I’m referring to a friend who has reached out and is asking you to help them. They ask how you did it for the last several months and admire your ability. They ask for help and slowly start spending time together and sharing stories, going to meetings and holding each other accountable.  You’re both doing the steps to stay sober.

It is wonderful to be able to offer help to someone you care about, but you’re also taking on their sobriety. You end up worrying more about them and putting yourself and your own recovery to the side and you don’t quite understand just how fragile you are. Its not your fault you’re just trying to help and, not do it alone…

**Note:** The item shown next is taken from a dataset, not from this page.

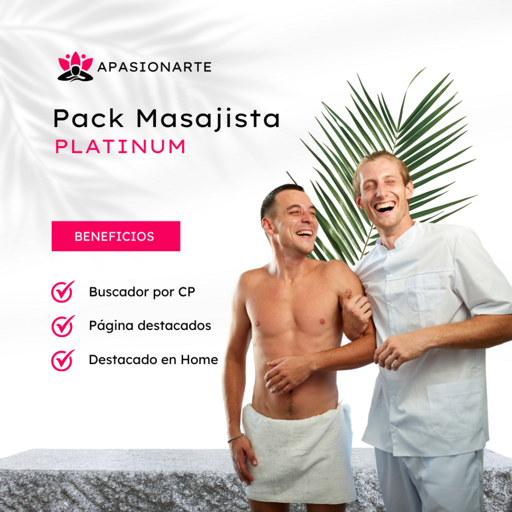 Conviértete en el masajista más visible de nuestra plataforma. El Pack Masajista Platinum te ofrece el máximo nivel de exposición, con apariciones destacadas tanto en nuestra página principal de masajistas como en la sección de destacados de la página de inicio. Este plan está pensado para los profesionales que buscan consolidar su marca y llegar a más clientes de forma constante.

Things go really good and you’re spending maybe a little too much time together but, it seems to be working, until something triggers  one of you. Something happens that a person in early recovery can’t control and they lash out possibly at you, because you’re there. Something was said and you leave in a maddened state and take a break from each other. Now fast forward and you’re reaching out to your friend but can’t reach him for 2 days. Now, your full of anxiety, anger, quilt and worry. Your focus is now on him and not you. Its a set back for your friendship and putting your recovery at high risk. The warning bells are going off. Negative thoughts and blame to yourself comes in. Your replaying everything that has happened. You believe its your fault for his relapse, but you don’t even know if he has because you can’t reach him.

Now you have to step back and refocus back to where you were in your recovery. Detach from the friendship and concentrate on your own sobriety.

Even with your hand and heart out to help, you must help yourself first. You must set boundaries with everyone in your life. You can not overextend or give more to someone else than you give yourself. Allow yourself to heal. Be alone with yourself and be comfortable. If you’re single, especially, start dating yourself! Put something on that makes you feel good and go for coffee, go shopping, go to a meeting!

Helping is never wrong or a mistake. It is what we are here to do. Help one another but like the saying says “Until you help yourself, you can not help anyone”.

Master your own path so others can follow.